Manually checking the sequence mod $3$ and $8$, we get the following:
- Mod $3$: $2, 1, 0, 1, 1, 2, 0, 2$, then this repeats.
- Mod $8$: $2, 4$ and this repeats.
This implies the sequence is periodic modulo $24$ with period $8$, and hence manually checking the first $8$ terms gives the answer to be $\boxed{20}$ at, for example, $u_5 = 1364$.
Plugging in $n=1, 3$ gives $a-b \equiv 4 \pmod {1111}, a^3 - b^3 \equiv 76 \mod {1111}$. We first claim all such $(a, b)$ work, before proceeding to find all $a, b$ satisfying $0 < a, b < 500$.
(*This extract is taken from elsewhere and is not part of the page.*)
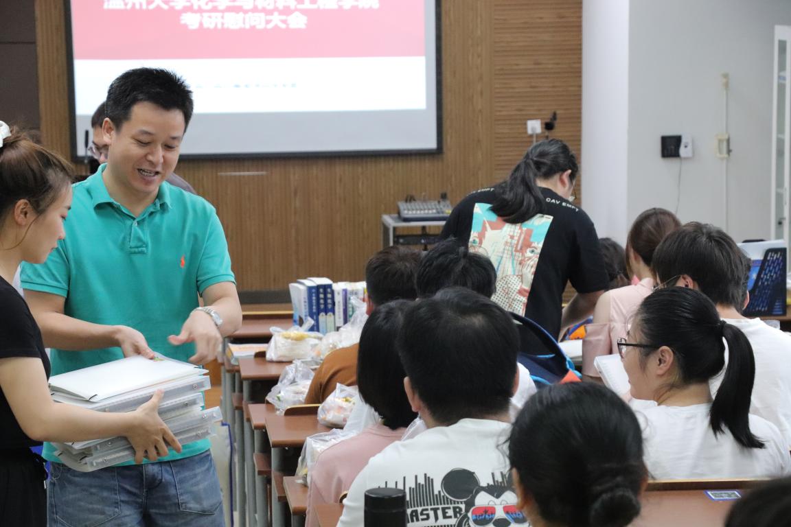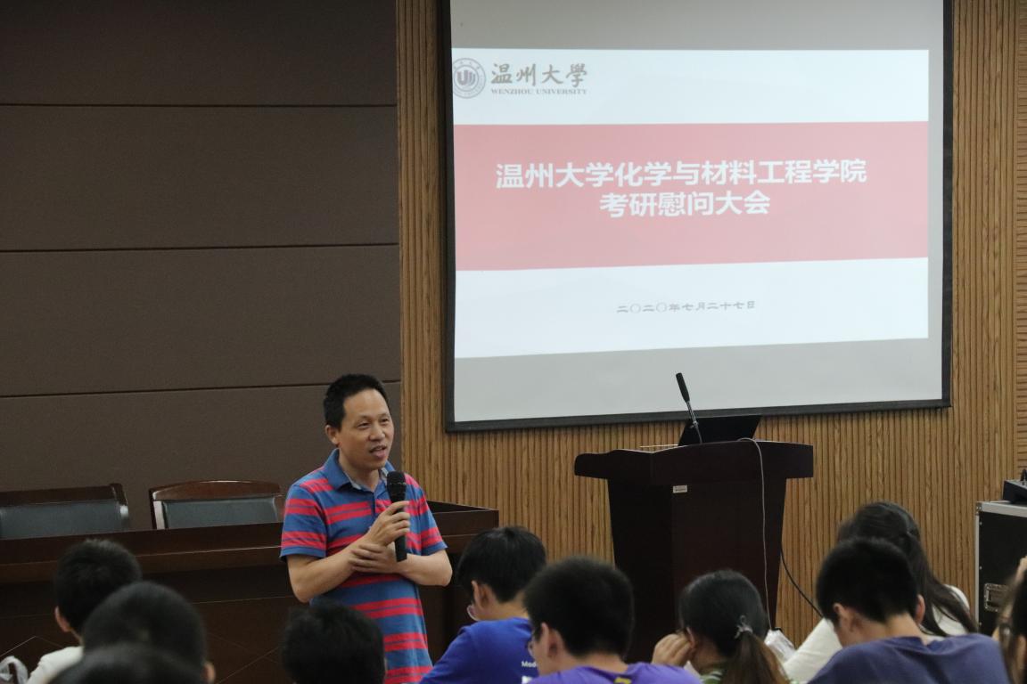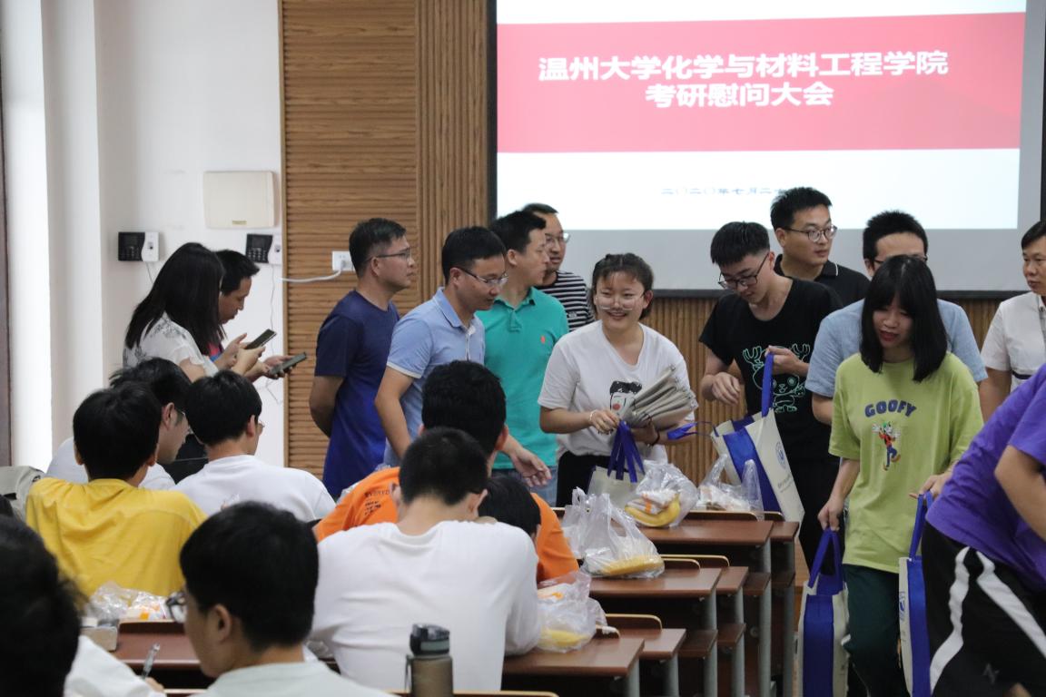 为鼓舞考研学子信心,缓解学生考前压力。2020年7月27日,温州大学化材学院院长王舜、党委书记熊琳、副院长金辉乐、副院长夏远志、党委副书记周敬业、院长助理陈锡安以及学工办辅导员孙玮玮、邹涌彬、李国朋一行前往11C-401考研自习室看望我院备战考研的学子,为他们送上关怀与祝福。

Plugging $a \equiv b+4 \pmod {1111}$ in, we get that $b^2 -1 \equiv -4b \pmod {1111}$ (noting that $12, 1111$ are relatively prime), while $a^2 -1 \equiv 4a \pmod {1111}$.
Squaring, we get that $a, b$ are solutions to $x^4 - 18x^2 + 1 \equiv 0 \pmod {1111}$, and with a note that $u_{n+4} - 18u_{n+2} + u_n = 0$ (this is by directly calculating $u_{2k+1}, u_{2k}$), a simple induction shows that $u_n \equiv a^n - b^n \pmod {1111}$ for all odd $n$.
Now, let's find all $a, b$ satisfying $0 < a, b < 500$. Note that $-498 \leq a-b \leq 498$, the first modulo equation implies $a=b+4$. Plugging in $a^3 - b^3 \equiv 76 \pmod {1111}$, we get $b^2 + 4b -1 \equiv 0 \pmod {1111}$.
- Considering modulo $11$, we get $(b+2)^2 \equiv 5 \equiv 16 \pmod {11}$, hence $b \equiv 2 \pmod {11}$ or $b \equiv 5 \pmod {11}$.
- Considering modulo $101$, we get $(b+2)^2 \equiv 5 \equiv 2025 \pmod {101}$, hence $b \equiv 43 \pmod {101}$ or $b \equiv 54 \pmod {101}$.
Chinese Remainder Theorem shows that there is only one solution for $b$ modulo $1111$, given $b$ modulo $11$ and $b$ modulo $101$. We then get
- $b \equiv 2 \pmod {11}, b \equiv 43 \pmod {101} \Rightarrow b \equiv 750 \pmod {1111}$,
- $b \equiv 2 \pmod {11}, b \equiv 54 \pmod {101} \Rightarrow b \equiv 761 \pmod {1111}$,
- $b \equiv 5 \pmod {11}, b \equiv 43 \pmod {101} \Rightarrow b \equiv 346 \pmod {1111}$,
- $b \equiv 5 \pmod {11}, b \equiv 54 \pmod {101} \Rightarrow b \equiv 357 \pmod {1111}$.
Since $b < 500$, we only take $b=346, 357$ and it follows that $(a, b) = (350, 346), (361, 357)$.